Pour s’y rendre, une route avec de trop nombreuses lignes droites, entrecoupée de trop rares portions sinueuses, à mon goût.
Ce samedi matin, après avoir consulté la carte Michelin, (ma préférée, la version jaune, qui détaille les voies les plus étroites), je décide de rallonger un peu l’itinéraire. En partant plus tôt, je serai à l’heure pour le repas de midi.
Pendant que le moteur chauffe, je me baisse pour ouvrir le robinet de mon nouveau graisseur de chaîne que j’ai installé il y a deux semaines. Je tâtonne encore un peu dans le réglage du débit idéal, mais je commence à l’apprécier lorsque je regarde ma chaîne, toujours légèrement huilée.
La nuit est en train de tirer sa révérence lorsque je quitte le quartier calme et désert. En haut de la côte de Morlaas, je rattrape une Harley Davidson, modèle Sporster. Le gars semble avoir le même rythme que moi et je reste derrière lui. Pas trop longtemps quand même car, à priori, une Harley, ça se balance moins facilement qu’une Transalp et je le recolle dans tous les virages un peu serrés. Qu’à cela ne tienne, une impulsion un peu plus prononcée sur la poignée de gaz et je le dépasse en le saluant.
Peu après, je bifurque vers cette belle petite route, qui alterne les passages sur les coteaux, avec les Pyrénées en ligne de mire, et les descentes dans les parties boisées. La brume s’invite, par intermittence, discrète, juste pour magnifier le paysage automnal.
La route est parfois bosselée et je loue les grands débattements de ma moto. La circulation est nulle et je prends mon rythme. Dans le rétroviseur, j’aperçois le phare de la Harley qui reprend du terrain dans les lignes droites.
Rabastens de Bigorre : je fais une courte halte chez des amis, le temps d’un petit thé.
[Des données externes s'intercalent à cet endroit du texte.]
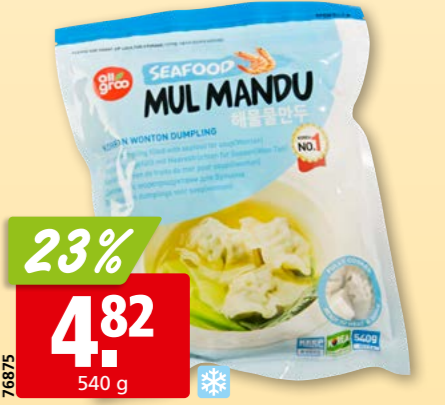
76875 All Groo Wonton mit Meeresfrüchte tk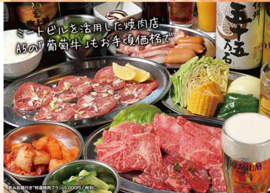
飲み放題付き「特選焼肉プラン(5,000円/税別)」 住所/和歌山市中町33 ミートビル1F 営業時間/17:00~22:30(21:45LO) ※祝日除く火~金曜はランチあり(11:30~14:00)(ランチのみ税込) 定休日/日曜 ※11月・12月は無休 駐車場/なし(近隣にコインパーキングあり) ☎ 073-499-7330

もともとは食肉協同組合の流通・保管拠点だった和歌山県環境食肉会館の一角にある焼肉店。お肉屋さんから直接仕入れる上質の肉を、リーズナブルに堪能できます。注目は「葡萄酒」。A5ランクのアンガス牛を熟成葡萄酒オイルと塩麹で漬けたんだ、やわらかくて臭みがない絶品です。他にもおすすめ肉が多いので、あれこれ味わうならコースでぜひ。質にも量にも大満足の上、90分飲み放題付きで、暖かい季節は市堀川沿いにテラス席が設けられるので、川を眺めながら水辺焼肉を楽しんでみてはいかがでしょう。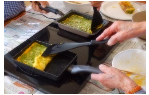
調理プログラムでにらを使用しました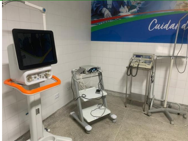
39.53. Centro Cirurgico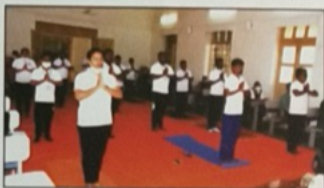
Yogakshema - 21 days Yoga Workshop to boost immunity

At present, the University is housed in the historic Raitha Bhavan Building, Gadag and has a regional office at Bengaluru. The new campus is being developed in the picturesque landscape of about 353 acres of land at the outskirts of Gadag. With fundamental infrastructure a replica of Gandhi Ashram in Sabarmati, Gujarat is also built in the campus in order to propagate Gandhian ideals among the students. 10,000 varieties of trees are planted in the campus which enhances Biodiversity on campus. Water conservation initiatives are the need of the hour, due importance is being given to this aspect in the entire new campus.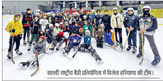
सातवीं राष्ट्रीय बैंडी प्रतियोगिता में विजेता हरियाणा की टीम।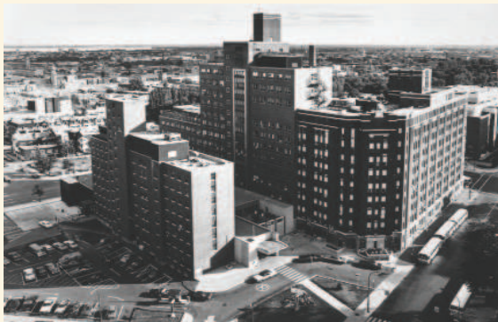
Le site en 1980, après la fin des travaux de l'aile B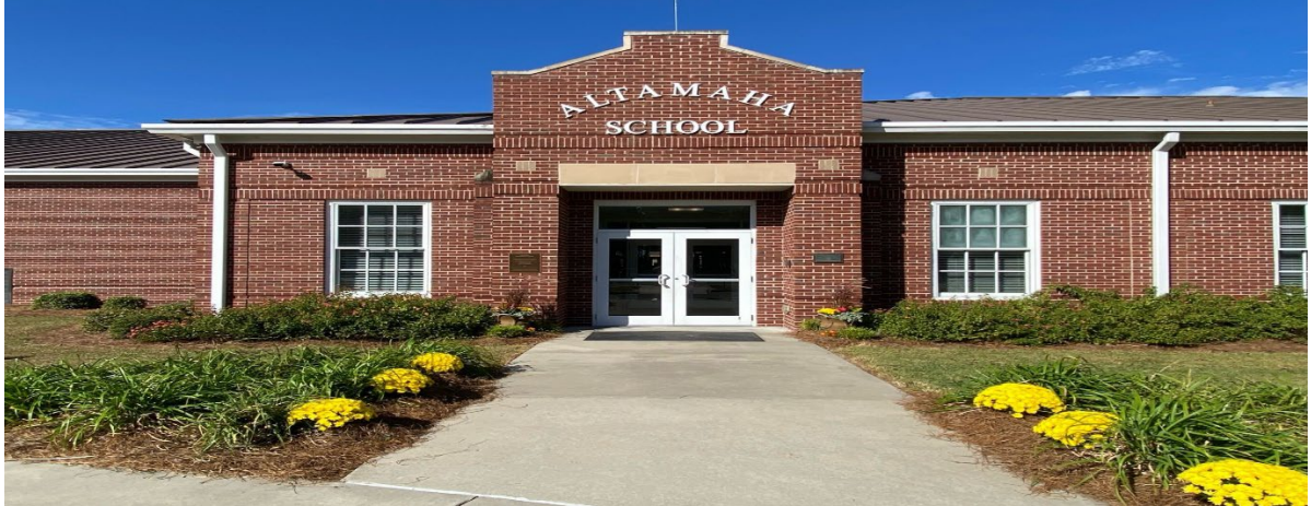
Escuela Primaria Altamaha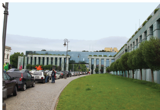
Il. 6. Budynek Sądu Najwyższego przy placu Krasieńskich w Warszawie (fot. K. Piętka-Rakowiecka, 2015)

Fig. 5. Commercial Court on Czerniakowska Street in Warsaw (photo by K. Piętka-Rakowiecka, 2015)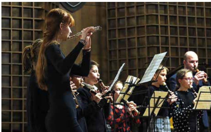
Koncert žiakov zožal veľký úspech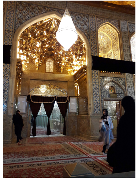
Aramgah-e Shah-e Cheragh, Esfahan, imamen Ahmeds gravhelgedom

Stormakterna använde sig gärna av lokala härskare för att kunna styra i önskade riktningar och i Irans fall av shahen Reza Pahlavi. Sedan länge utspelades en dragkamp mellan Mohammad Mosaddeqs National Front Party och shahen. Valet 1949 till det iranska parlamentet Majlis handlade främst om hur Iran skulle kunna omförhandla avtalen med de utländska oljebolagen, främst Anglo Iranian Company (AIOC). Man hade lyckats få ett annat bolag, Persian Gulf Oil, att gå med på en 50/50 överenskommelse och ställde motsvarande krav på AIOC som vägrade. När premiärministern kom med ett förslag om nationalisering mördades han några dagar senare liksom även utbildningsministern.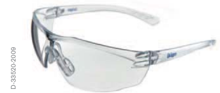
Schutzbrille Dräger X-pect 8320

Schön, wenn wirkungsvoller Schutz auch noch gut aussieht und modischen oder sportlichen Erwartungen entspricht. Die Brillen der Dräger X-pect 8000 Serie zeichnen sich durch ein modernes und sportliches Design aus und finden hohe Akzeptanz sowohl bei den Anwendern in Industrie und Handwerk als auch im privaten Umfeld.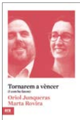
Oriol Junqueras i Marta Rovira Ara llibres 98 pàg.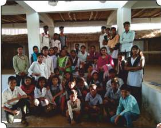
बांबू केंद्रावर जावुन विविध वस्तु दाखविल्यावर घेतलेला क्षण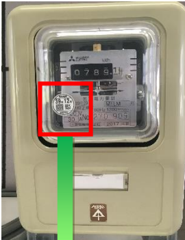
電気メーター (有効期限 5, 7, 10 年)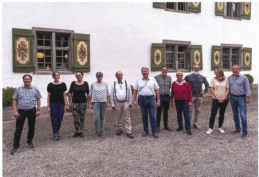
Gruppenbild des Vorstandes.

Hansjörg Frommelt Grosser Bongert 10 FL-9495 Triesen +423 392 15 62 +41 79 433 65 92 hansjoerg@frommelt.li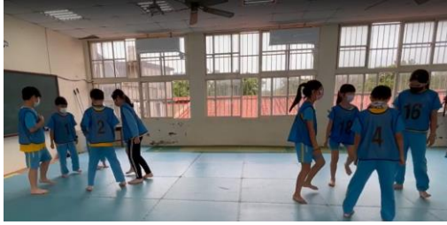
說明：各組自行動作練習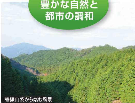
脊振山系から臨む風景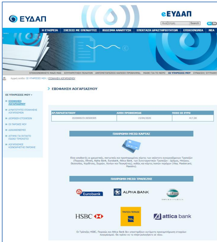
Εικόνα 4 Επιλογή πληρωμής για την εξόφληση του λογαριασμού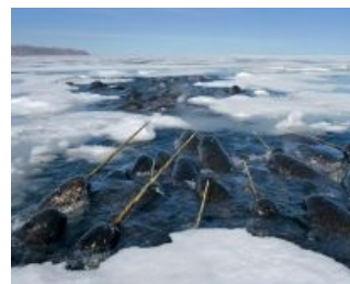
Группировка нарвалов в естественной среде обитания

А рассказанная викингом сказка была такой. Одна девушка вымыла свои волосы мочой и растянула их сушиться на веревке рядом с тряпьем. Ветер подхватил тряпье и бросил его в море. Так появилась скалугсуак — гренландская полярная акула.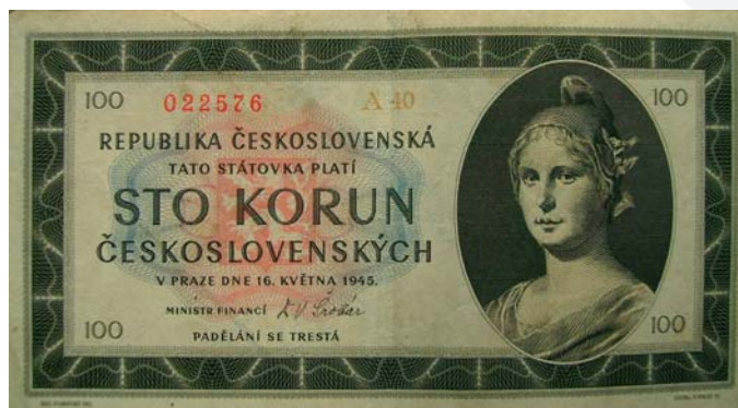
100 korunová štátovka z roku 1945.

Ekonomike sa naďalej nedarilo, pričom sa stále viac hovorilo o potrebe systémovej zmeny v peňažných vzťahoch a tým aj v menových pomeroch. V tom čase išlo o snahu dostať československé peňažníctvo do pozície centrálneho, teda direktívneho riadenia a o vytvorenie nového systému riadenia peňažného obehu. Situácia vyústila dňa 30. 5. 1953 do menovej reformy. V rámci tejto reformy boli z československého územia stiahnuté platidlá v úhrnej hodnote 52,1 mld. Kčs, pričom boli vymenené za nové peniaze (vytlačené v Sovietskom zväze), no vo výrazne redukovanom pomere. Staré hotovostné peniaze v sume do 300 Kčs nových peňazí boli vymieňané tým občanom, ktorí nikoho nezamestnávali, v pomere 5 : 1. Ešte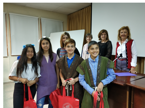
Ganadores de la edición anterior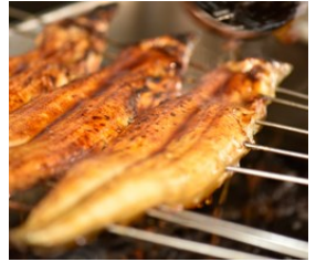
お昼ご飯にいかがですか?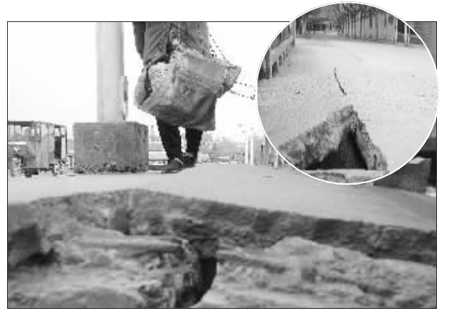
桥面断裂严重

快报讯(记者 薛林)桥上人行道，赫然有一处直径约40厘米大洞，旁边是一条长约2米的裂缝。这是记者昨天在雨花台区西善桥一座横跨外秦淮河钢筋混凝土大桥上看到的情景，当地居民希望有关部门尽快维修，消除隐患。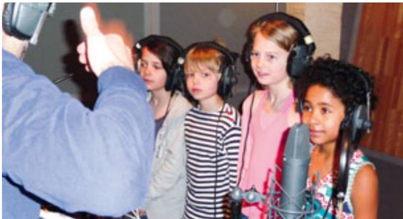
42 écoles en Suisse romande se sont inscrites pour participer à l'action «Une chanson pour l'éducation».

Afin de promouvoir des actions d'éducation et de santé de qualité, Enfants du Monde participe dans différents réseaux actifs en Suisse.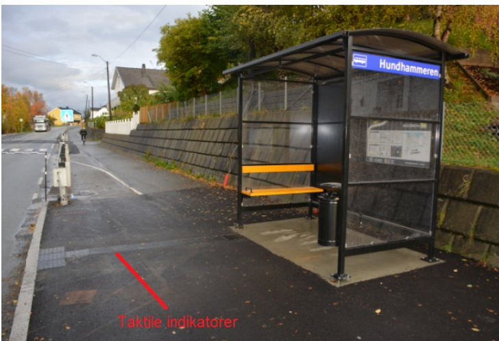
Takile indikatorer ved busstopp.

Bildet viser eksempler på takile indikatorer på en Holdeplassutrustning

Ensuite, c’est le soleil qui s’élève dans le ciel, les routes secondaires prises, moitié avec l’aide de la carte, moitié en suivant mon instinct. J’évite ainsi les grands axes, parfois j’en traverse un. Je me régale, bercé par le ronronnement discret de ma Transalp.

Comme souvent, je me sens de mieux en mieux au fil des kilomètres ; j’ai besoin de temps pour atteindre la plénitude dans mon pilotage. Le bonheur de rouler se renforce. Je n’ai d’ailleurs plus envie de faire des pauses, juste quelques arrêts rapides pour une photo, mais rien d’autre.

De temps en temps, dans mon horizon, surgit un village. Je le traverse paisiblement, admirant quelques belles bâtisses. Puis, je retrouve ma vitesse de croisière, juste équilibre entre la lenteur et une vitesse excessive, qui me permet de piloter et non conduire, mais sans être en décalage avec mon environnement. Une douce jouissance.
Cela me laisse le temps de profiter des arbres bordant la route, des champs et des prairies formant un beau canevas, des vieilles maisons chargées d’histoire.

Sur cet itinéraire, les ronds-points, les zones commerciales, les feux rouges sont aux abonnés absents ; les radars aussi !
Vers la fin du parcours, je retrouve la rocade qui contourne Bergerac mais je la quitte bien vite pour m’enfoncer dans les vicinales boisées pour conclure en beauté ma petite ballade.


J’arrive devant la maison, coupe le moteur.
Ma Transalp est posée sur sa béquille latérale. Je la trouve encore plus belle après ces presque cinq heures de route buissonnière.